Deemed Remuneration
Please note: from 1 March 2017, Deemed Remuneration should no longer be used. This is because paragraph 11C of the Fourth Schedule of the Income Tax Act, which deals with Deemed Remuneration, has been repealed with effect from 1 March 2017.
Directors’ remuneration is subject to PAYE, which is payable monthly; however, directors’ remuneration is often only finally determined towards the end of the tax year or even in the following tax year. This creates a challenge in determining the amount of PAYE to withhold each month. In other cases, directors may receive nominal monthly remuneration and a large bonus at the end of the tax year, resulting in the majority of their tax liability being owed at that stage.

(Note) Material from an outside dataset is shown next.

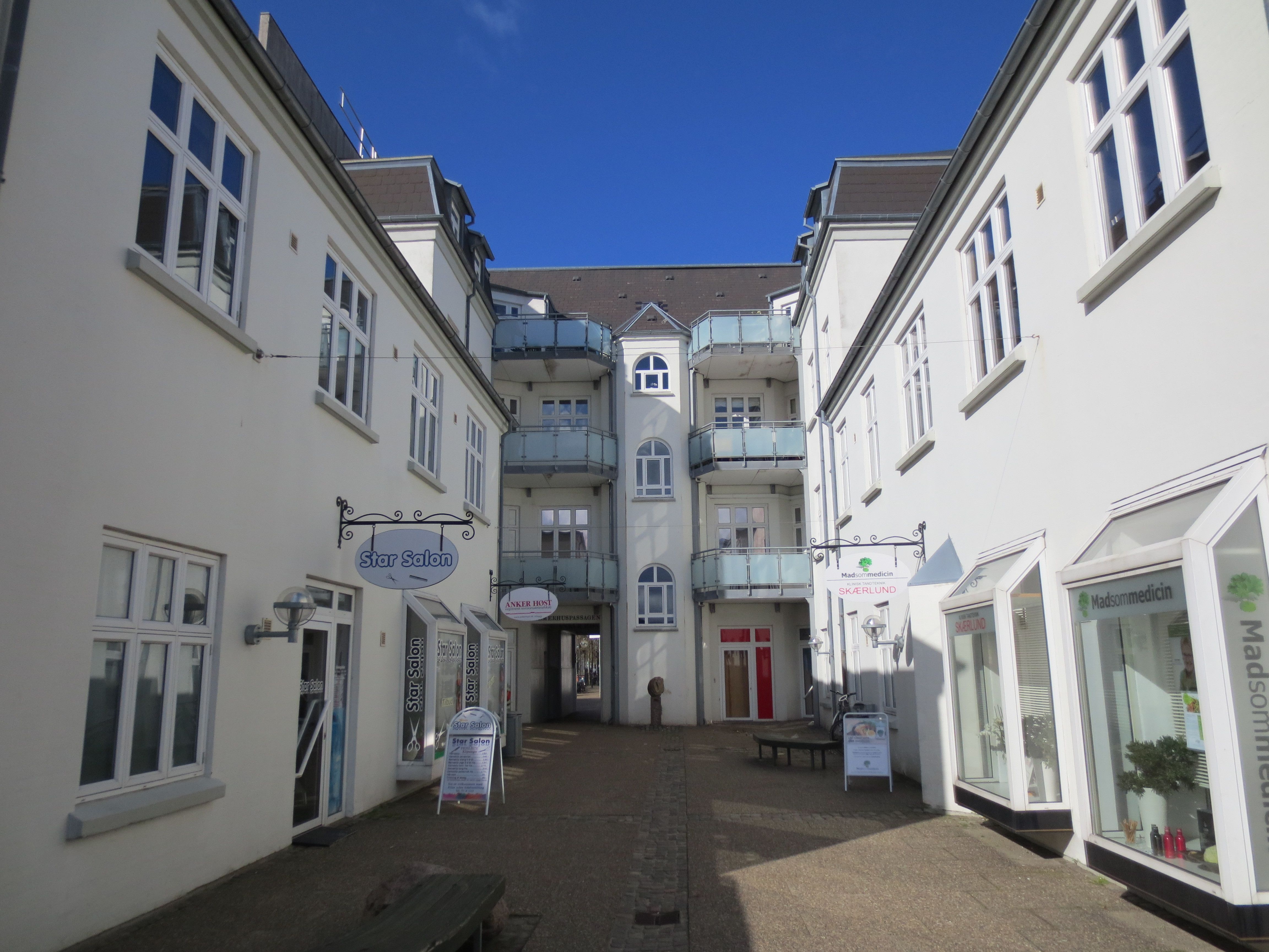 Placeringen centralt i byen gør det let at undvære en bil. Ejendommen råder over eget privat fælles parkeringsområde på den ene side af ejendommen, mens der er offentlige parkeringsmuligheder på modsatte side. Til lejligheden i ejendommen, hører ligeledes et privat depotrum med, i kælderen.

The concept of deemed remuneration, determined by means of a formula, was introduced by SARS to overcome these issues with collecting monthly PAYE for directors. This applies to all directors, including members of CCs, except if one of the following scenarios exists:
- The director’s remuneration in respect of the previous tax year has been finalised and more than 75% consists of fixed monthly payments
- The director is newly appointed in the current year and wasn’t an employee of the company in the previous tax year
- A person ceases to be a director but remains an employee
Calculation of Deemed Remuneration¶
The monthly deemed remuneration for the current year is determined by dividing the previous tax year’s remuneration by the number of completed months for which it was earned. For example, if a director earned R500 000 over 10 months in the previous tax year, this year’s monthly deemed remuneration would be R50 000 (500 000 / 10 = 50 000).
If the deemed remuneration for the current year cannot be determined as indicated above, you should use the previous year’s deemed remuneration, increased by 20%. If the previous year’s amount is not available, you will need to contact SARS to determine the amount.
The Effect on Payroll¶
As with normal employees, the director will always be taxed on actual remuneration received each month. The tax on the actual remuneration is compared to that which is calculated on the deemed amount and, if the latter is higher, the company pays the difference over to SARS.
The director must repay the company for the amount paid on his / her behalf, but it does not give rise to a taxable fringe benefit as in the case of an interest free loan. Furthermore, the director is not entitled to have this tax amount, or any portion thereof, reflected on their IRP5 for the year until such time as it has been repaid.